Luis and The Aliens is a 3D animated German kids’ fantasy, now dubbed in English and releasing in North America on DirecTV and in theaters August 17th.

Luis is a nerdy 11 year old, bullied and uncomfortable. He’s an outcast who has eyes for Jennifer, a journalism student who is basically Lucy Van Pelt. His mom has passed away. His dad is an obsessed and distracted ufologist conspiracy theorist.

He befriends three wacky but lovable little blobular aliens after they crash their UFO into his house. In return for Luis’ help in finding the home-shopping channel stuff they came for, they save him from being sent away to boarding school by DFACS. Adventures and hilarity ensue.
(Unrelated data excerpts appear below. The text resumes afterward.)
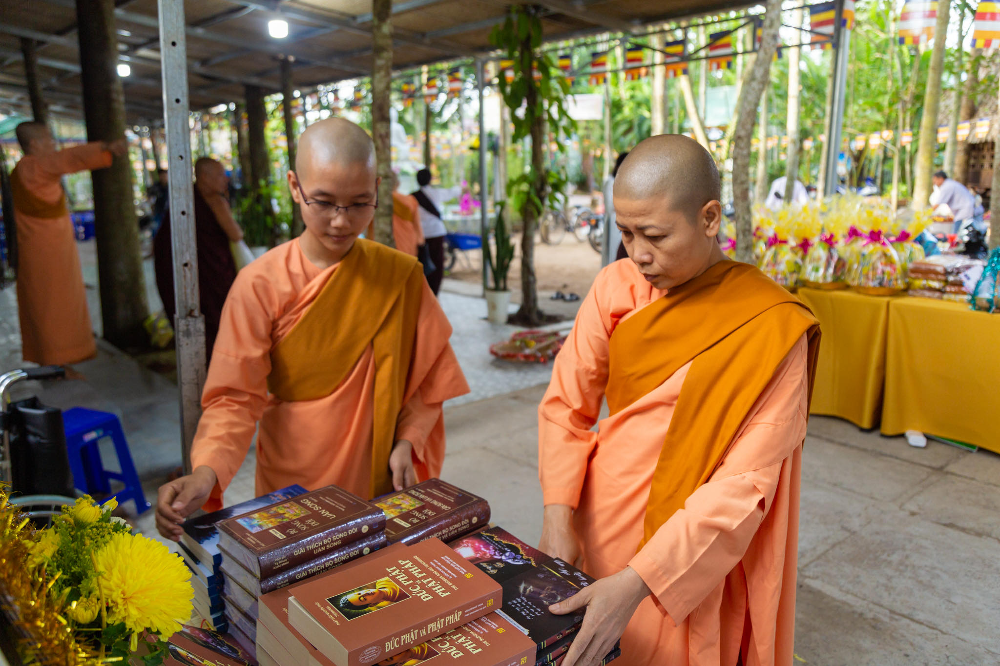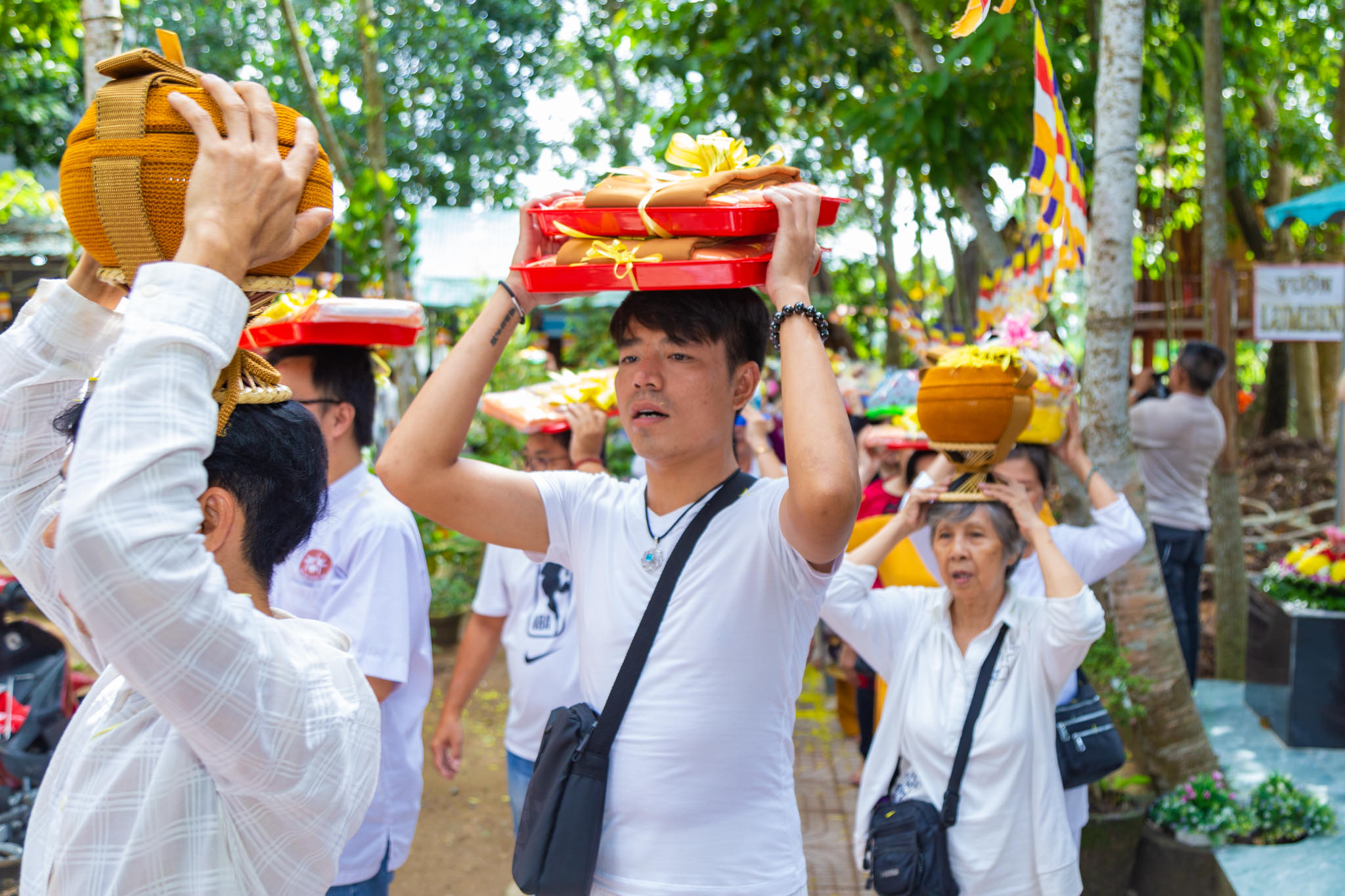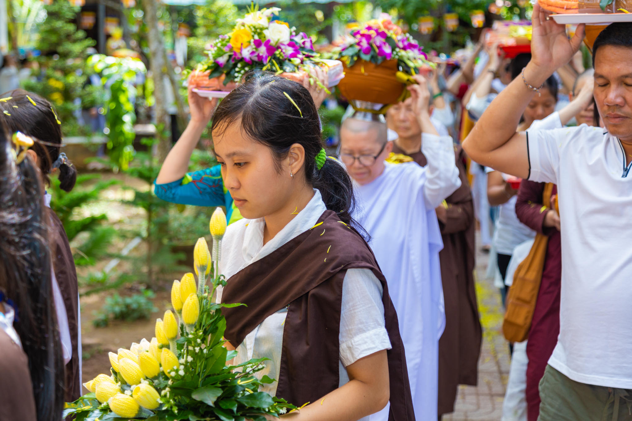 Kết thúc thời pháp thoại, đúng vào lúc 9h, toàn thể Phật tử dưới sự hướng dẫn của sư cô Mỹ Nhung, trưởng ban quản trị chùa Như Pháp đã đội y ca sa, Pháp bảo và lễ phẩm nhiễu 3 vòng quanh khuôn viên chùa Như Pháp trong tiếng tụng niệm bài kệ dâng y Tu Nữ đúng theo lịch sử truyền thống Nam tông trầm hùng.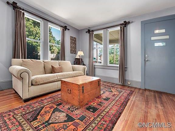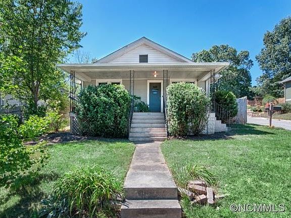 Classic bungalow in the heart of West Asheville! Large rooms, heart of pine wood floors, and lots of windows. Covered front porch, and fenced backyard for outdoor living and pets. Large laundry/utility room offers an opportunity to expand and add a second bath. Newer detached double garage with separate drive.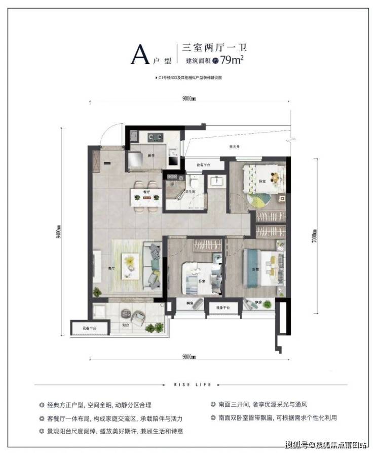 79㎡三房:紧凑实用,三开间朝南,采光通风好,满足三口之家基础居住需求。
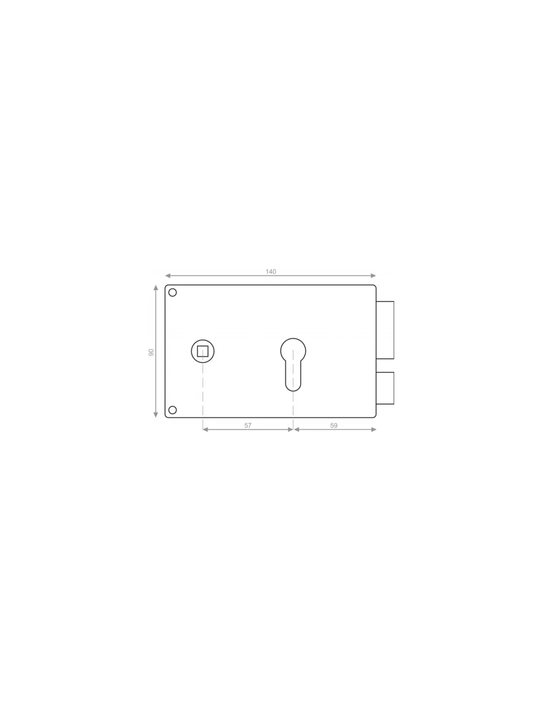 Modèle : Horizontale fouillot Coffre seul sans Cylindre 140X88MM Poussant Droite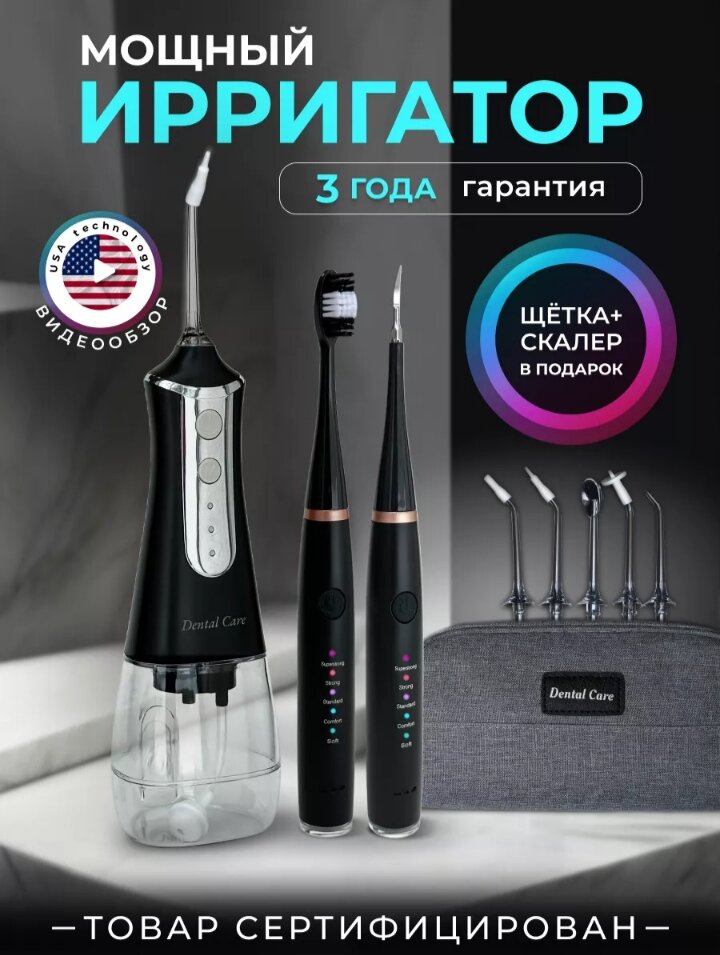 Представляем портативный зубной ирригатор - профессиональное стоматологическое устройство для чистки зубов, которое станет вашим незаменимым помощником в уходе за здоровьем полости рта. Аппарат оснащен мощной системой высокочастотных и пульсаций и пульсирующих струй воды, которые обеспечат глубокую и тщательную очистку зубного налета, бактерий и остатков пищи. Даже самые труднодоступные места станут достижимыми благодаря вращению насадок на 360 градусов. Что позволяет значительно снизить риск развития кариеса, зубного камня, воспалительных процессов и заболеваний десен, избавиться от неприятного запаха изо рта. В семейном комплекте представлено пять сменных ортодонтических и пародонтических насадок, в том числе для чистке брекетов и имплантов, массажа и укрепление десен. Встроенный резервуар для воды объемом 300 мл позволит провести полную процедуру чистки без необходимости постоянного дополива. Аккумулятор обеспечит до 4 часов беспрерывной работы, что идеально для использования в пут

Most great contemporary mainstream animation (and vintage animation too, for that matter) works on multiple layers. Kids love the superficial slapstick, bright colors, and silly voices while adults can chuckle at cultural references the kids won’t get. Fun for everyone, especially for parents whose child becomes enamored of a particular film and insists on endless repeat viewings.
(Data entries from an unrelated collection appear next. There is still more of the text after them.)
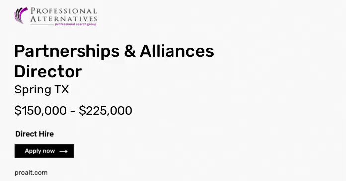New role! Partnerships & Alliances Director, $150,000 - $225,000 - #SpringTX. paiger.link/1719166014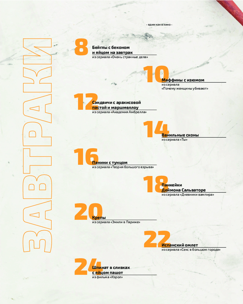 Едим как в кино. 50 рецептов из культовых фильмов и сериаловВ данный момент этот товар отсутствует в продаже. Возможно, у нас найдется аналогичный или похожий товар здесь. Серия: Кулинария. Книги по культовым вселенным. От игр до сериалов Настало время отправиться в гастрономическое путешествие по киновселенным! Как? Открываете эту книгу, ищете свой любимый фильм или сериал и готовите рецепт из него! Мария Покровская в своей дебютной книге собрала более 50 блюд из самых известных кинофильмов: «Дьявол носит Prada», «Сверхъестественное», «Мстители» и многие другие. |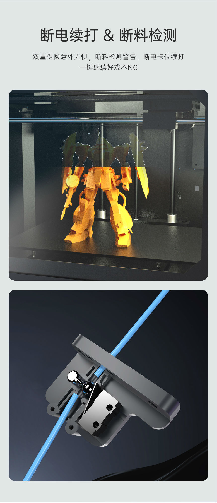 雙齒輪減速扭力更強(qiáng),高精度傳感器多點全自動檢測,打印自動輔助補(bǔ)償,賦予3D打印機(jī)更強(qiáng)勁動力,運行流暢不卡頓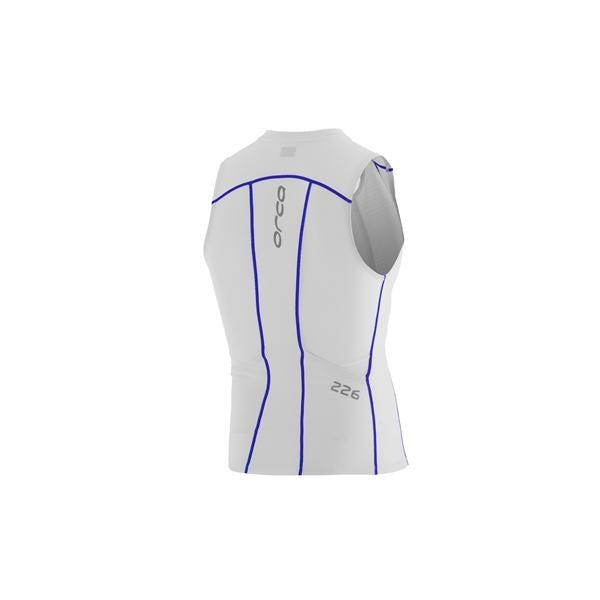 The 226 Tri Tank has been engineered with Orca's Vapour-Cool fabric, which uses nanocrystals embedded in the fibre to naturally conduct heat away from the body, keeping you cool. Used across the entire front and lower back of the Tri Tank the cross-section yarn construction enhances moisture wicking and dries quickly. This highly breathable fabric also contains silver ions that are antibacterial and deodorizing, and anti-allergy, making it ideal for longer distance racing and use in hot conditions. Orca's Tri-Enduro mesh fabric is on the back of the tank for breathability and wicking with UPF50+ KillaSkn Kompress down the middle of the back for extra sun protection. The tank has a longer cut at the back for increased coverage when cycling and running. Key features for endurance distance racing include the angled rear pockets, reflective logos for visibility in low light conditions, and a 3-coil front control zip for increased ventilation when required with zip-top cover to guard against irritation.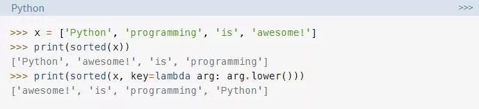 sorted函数的key参数会被调用来获取iteranle(迭代)中的每个项。这使得排序不区分大小写,方法是在排序之前将所有字符串变为小写。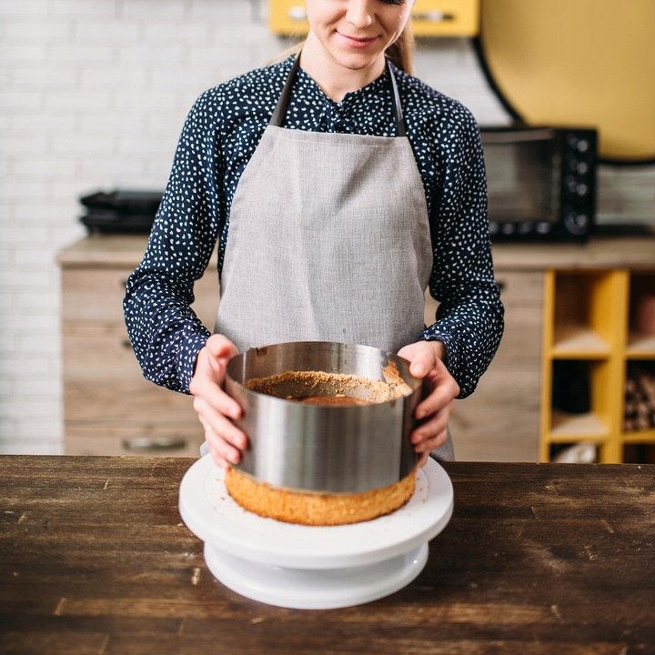 Okraj má výšku 15 cm, vďaka čomu je ideálny na prípravu viacvrstvových tort a vysokého pečiva. Výška je označená stupnicou od 0 do 20 cm, čo umožňuje presné nastavenie úrovní pri príprave viacvrstvového pečiva.

Luis and The Aliens misses the mark for that multi-layered audience. Kids will enjoy it. Adults will be bored to tears. Instead of riffing on cultural references, the filmmakers have cut and pasted the script beats and tropes from every story with a nerdy misunderstood kid with a hard-knock life suddenly immersed in adventure after being selected by a metaphysical Deus Ex Machina who gets his due respect in the big reveal when everybody sees he really is special. Yawn.  

Not that that’s a bad premise, and not that it won’t be done again newer and better, but this film doesn’t even try to give it a fresh take. This story lifts ideas wholesale from E.T., The Neverending Story, Up, Prometheus (and/or Tales of Pirx the Pilot from Stanislaw Lem), and even more recent films like Home. The list of “influences” would scroll off the page. It’s also replete with pop culture references, but they are delivered flat and without context like a PowerPoint presentation of stuff they think we think is cool bolted on for street cred.
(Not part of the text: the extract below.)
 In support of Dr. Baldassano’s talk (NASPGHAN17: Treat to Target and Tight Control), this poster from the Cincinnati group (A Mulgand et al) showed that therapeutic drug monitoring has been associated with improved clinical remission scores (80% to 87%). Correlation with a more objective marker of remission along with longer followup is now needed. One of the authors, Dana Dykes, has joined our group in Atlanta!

“…every misunderstood kid suddenly immersed in adventure who gets his due respect in the big reveal when everybody sees he really is special…

The animation is workmanlike in its execution, delivering more seamlessly perfect digital commodity level output.

The cynic in me (in other words, me) suspects this film is just grist for the mill, flimsy product cranked out as content to feed the bottomless gaping maw of demand for new and colorful and loud.

It’s bothersome that the film takes Luis’ situation so lightly. He’s a neglected little boy whose mom died, with no parental guidance, and social adaptation issues. The administration at his school is gunning for him to try to put him in an orphanage. He looks after his deranged father and even has to make his own birthday cake.

Also in the negative column is the mildly annoying Latina maid stereotype that we probably should shelve at this point.

“…grist for the mill, flimsy product cranked out as content to feed the bottomless gaping maw of demand for new and colorful and loud…

Am I saying the film sucks? I am not saying that at all. It’s not that bad, it’s just that, as an adult you’ve seen this entertainment to death. On the upside, the great thing about being a kid is that you haven’t seen everything yet and because the filmmakers borrowed from the best, it will work for young children. This film could serve as a primer on alien / UFO / misunderstood outsider tropes for kids who aren’t familiar.

But do we need that? Couldn’t you just show them E.T., or Batteries Not Included, or Close Encounters, or Explorers, or when they’re a little older, The Outsiders?

Luis and The Aliens (2018). Written and directed by Christoph Lauenstein, Wolfgang Lauenstein. Starring Will Forte, Lea Thompson, Orlando Leyba.